Adult human motor neurons, unlike those of frog, also contain large amounts of lipofuscin, and cytoskeletons isolated from human motor neuron cell bodies retain their lipofuscin (Fig. 5). The possibility that lipofuscin granules are trapped within the interstices of the cytoskeleton of the cell body and dendrites became apparent when isolated human cell bodies being examined by differential interference contrast microscopy (DIC) were exposed to SDS. When concentrations of up to 1% of the detergent were introduced at the edge of the coverslip, the cell bodies often began to swell and, one by one, individual lipofuscin granules were released and floated away from the enlarged cell body. The granules had average diameters of about 2.5 μm (range 1.8–3.0 μm, n = 16) and appeared to be insoluble in SDS. Even after depletion of most of the cell's lipofuscin, the swollen motor neuron was sometimes still visible by DIC. Lipofuscin was released only from cell bodies that underwent swelling. This sequence of events led us to infer that lipofuscin granules may be caged within the cell body cytoskeleton and can individually escape it as the lattice enlarges to pore sizes that exceed the diameter of each granule.

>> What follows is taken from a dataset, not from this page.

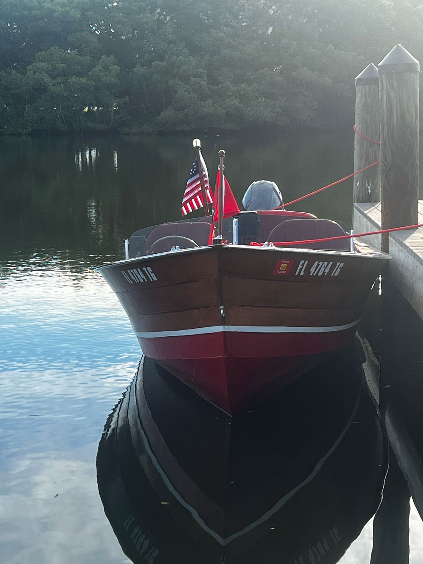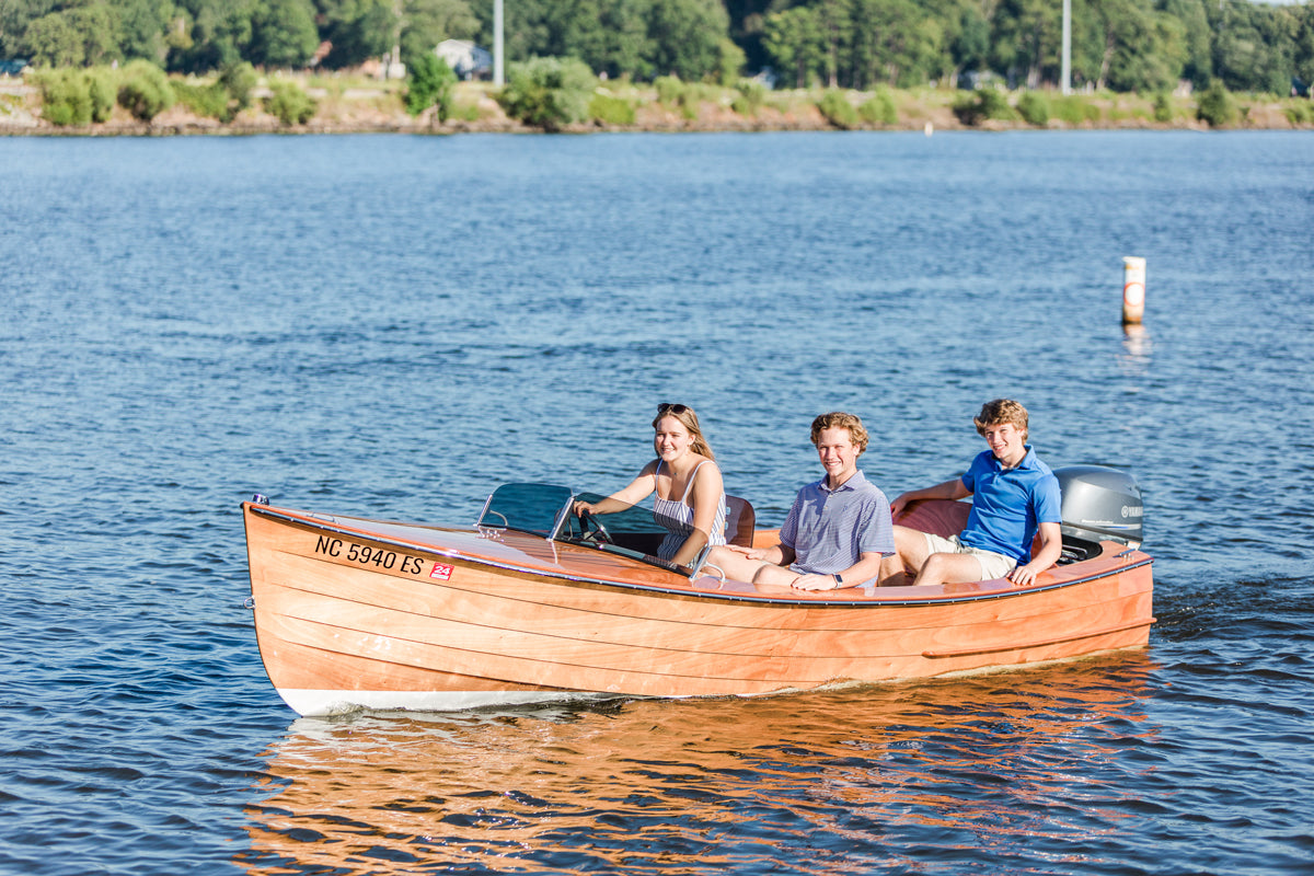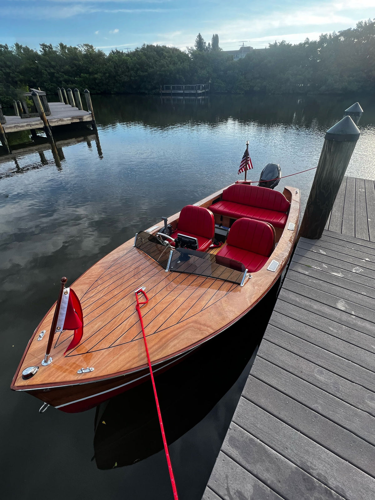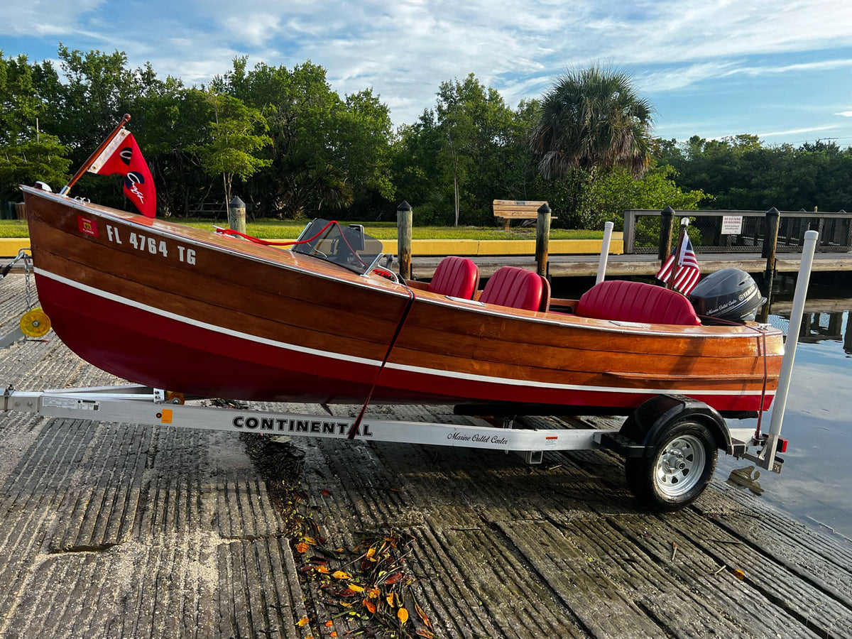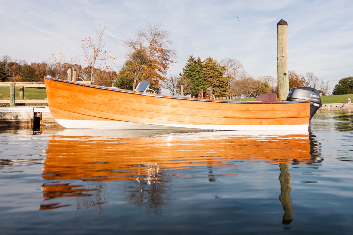 In trials we saw 24 mph, just under 21 knots, with a 25-hp motor. The boat doesn't skid in turns, is well behaved in general, and is not much slowed by a crew of three adults. The deep sheer line in unusual in a retro runabout. She appears to have a Norwegian heritage at idle speed; her bow evoke the traditional snekke design.
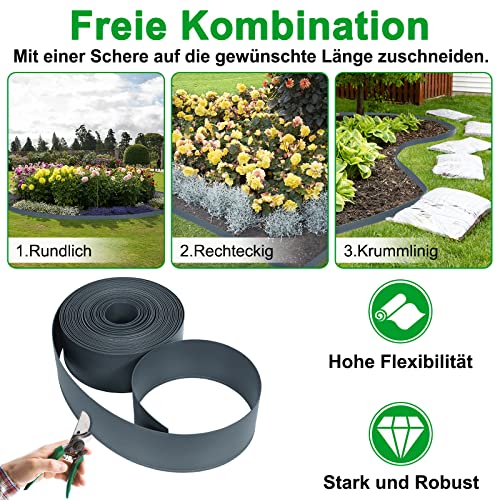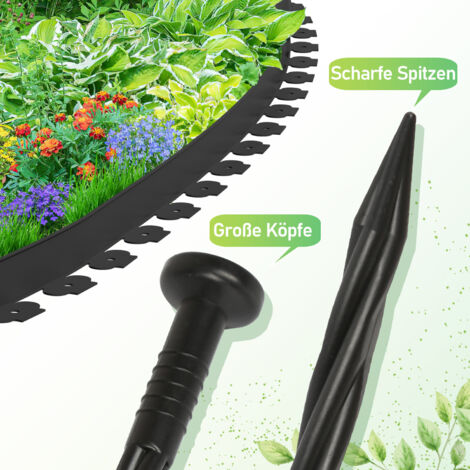 Endlich mal Ordnung im Garten! Diese 10 Meter lange Rasenkante in 5 cm Breite bringt Struktur in deine Beete und Rasenflächen. Aus robustem PE-Kunststoff gefertigt, ist sie super flexibel und lässt sich kinderleicht um Kurven, Kreise oder gerade Linien biegen. Einfach in die gewünschte Form bringen, bei Bedarf mit einer Schere zuschneiden und mit den 30 mitgelieferten Erdankern (je 15 cm lang) fixieren - kein lästiges Ausgraben nötig! Die schwarze Farbe ist dezent und passt sich jeder Gartengestaltung an. Perfekt für Blumenbeete, Gehwege, Pflastersteine oder als Abgrenzung zwischen Rasen und Kies. Das wetterfeste Material hält auch bei starkem Regen oder Sonne problemlos stand und verzieht sich nicht. Ob du ein Profi-Gärtner bist oder einfach nur deinen Garten etwas aufhübschen willst - mit dieser Rasenkante klappt's garantiert! Tipp: Bei kühlerem Wetter wird der Kunststoff etwas steifer, also am besten an einem warmen Tag installieren.

Although the swollen cell bodies eventually became invisible by light microscopy, the cytoskeleton may not be completely soluble in SDS. Approximately one-third of the cell body protein (31.0 ± 15.1%, n = 5) was recovered in the pellet when spun at 13,000 × g for 5 min in the presence of 1% SDS. This may explain our inability thus far to detect and identify any proteins in the isolated cytoskeleton by SDS-polyacrylamide gel electrophoresis.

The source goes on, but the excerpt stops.